Ovarian cysts are less common in people who have been through menopause. But when postmenopausal people get an ovarian cyst, it has a greater risk of being cancerous and causing ovarian cancer. Still, ovarian cancer is pretty rare at any age.

What causes ovarian cysts?

The most common type of ovarian cyst grows when you ovulate. It happens if the follicle from your ovary either doesn’t release an egg or doesn’t shrink down after releasing an egg, then builds up into a cyst.

Other causes:

  • If you have endometriosis, ovarian cysts can form because tissue that’s similar to the kind that lines the inside your uterus grows outside it. This tissue can attach to your ovaries and form cysts.
  • If you have PCOS, your ovaries produce hormones that cause many small cysts to form.
  • If you have an infection in your reproductive organs and the infection spreads to your ovaries, it can lead to cysts.
  • If you’re pregnant, your body produces high levels of hormones that can create cysts on an ovary to support the pregnancy until the placenta forms.
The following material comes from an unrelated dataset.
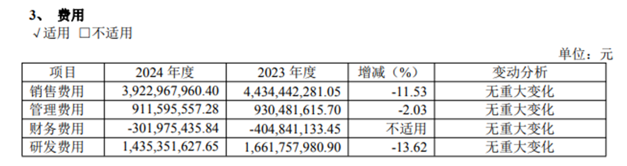 但是从数据来看,2024年,健康元减少了对研发的投入。2024年,健康元的研发费用为14.35亿元,同比减少13.62%。与此同时,健康元的销售费用、管理费用也均降低,2024年降幅分别为11.53%、2.03%。

Usually the cysts go away after your placenta forms, but if they don't it can become a problem.
  • Some people are born with ovarian tissue that grew into a cyst. It can contain tissues that aren’t from your ovary, like fat cells, hair, teeth, skin, and bone. Unless it causes symptoms, you might never know you have it.

In rare cases, ovarian cysts are cancerous. It’s called ovarian cancer, and it’s more common in people who are older.

How do I find out if I have an ovarian cyst?

Getting regular wellness visits helps nurses and doctors find ovarian cysts early — and, if needed, remove them or provide other treatment. 

In a routine wellness visit that includes a pelvic exam, your doctor or nurse feels for potential ovarian cysts. If they find cysts, they’ll probably take a “watchful waiting” approach.

  • Watchful waiting means seeing if any symptoms happen during the next few months.
  • Your nurse or doctor may recommend having another exam in a few months to see if the cyst went away or got bigger. 
  • Your nurse or doctor may recommend additional testing to figure out what’s going on. Tests may include pregnancy tests; hormone level tests; blood tests; and imaging tests, like an ultrasound.

If you think you might have an ovarian cyst, make an appointment at your nearest Planned Parenthood health center

What happens if an ovarian cyst ruptures?

If an ovarian cyst bursts, it’s an emergency. It can feel like a sudden, severe pain in your belly. In addition to severe pain, it can cause heavy bleeding and life-threatening problems.

Call 911 right away if you have an ovarian cyst and have sharp, severe belly pain in one side, dizziness, fever, vomiting, and/or rapid breathing.